• _Work order_
The whole listing below needs to be duplicated exactly, pictures aside.

• _Dataset excerpt_
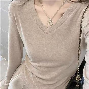 YF3338-(6色入内)韩版秋冬新款磨毛长袖V领纯色百搭简约时尚T恤潮
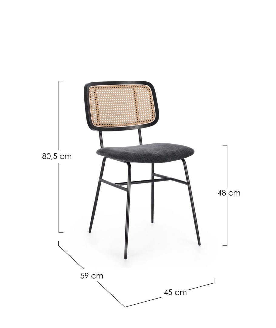 Siedzisko krzesła wykonane ze sklejki, pokryte wysokiej jakości tapicerką z poliestru, gwarantuje komfort i łatwość utrzymania w czystości. Materiał ten jest odporny na ścieranie, dzięki czemu krzesło zachowuje swoją atrakcyjność przez długi czas. Oparcie ze sklejki wzbogacone włóknem syntetycznym imitującym rattan nadaje meblowi unikalny, ciepły wygląd, wprowadzając do wnętrza nutę naturalności i lekkości.
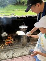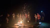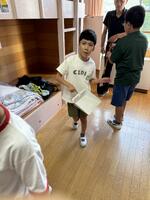 1日目は、入所式、室内サーキット、野外炊飯、キャンプファイヤーを行いました。平校の児童は入所式での児童代表挨拶を務め、大勢の友達や先生、職員の前で堂々と挨拶をすることができました。初めは、久しぶりに会う友達や初めて会う先生に緊張している様子も見られましたが、1日の後半になると、平校以外の友達や先生の輪に自分から入り、楽しむ姿が見られました。特に、キャンプファイヤーでは、友達と列になり一緒に歩いたり、ダンスを踊ったりして笑顔がたくさん見られました。

• _Reply to the exercise_
 YF3338-(6色入内)韩版秋冬新款磨毛长袖V领纯色百搭简约时尚T恤潮
 Siedzisko krzesła wykonane ze sklejki, pokryte wysokiej jakości tapicerką z poliestru, gwarantuje komfort i łatwość utrzymania w czystości. Materiał ten jest odporny na ścieranie, dzięki czemu krzesło zachowuje swoją atrakcyjność przez długi czas. Oparcie ze sklejki wzbogacone włóknem syntetycznym imitującym rattan nadaje meblowi unikalny, ciepły wygląd, wprowadzając do wnętrza nutę naturalności i lekkości.
 1日目は、入所式、室内サーキット、野外炊飯、キャンプファイヤーを行いました。平校の児童は入所式での児童代表挨拶を務め、大勢の友達や先生、職員の前で堂々と挨拶をすることができました。初めは、久しぶりに会う友達や初めて会う先生に緊張している様子も見られましたが、1日の後半になると、平校以外の友達や先生の輪に自分から入り、楽しむ姿が見られました。特に、キャンプファイヤーでは、友達と列になり一緒に歩いたり、ダンスを踊ったりして笑顔がたくさん見られました。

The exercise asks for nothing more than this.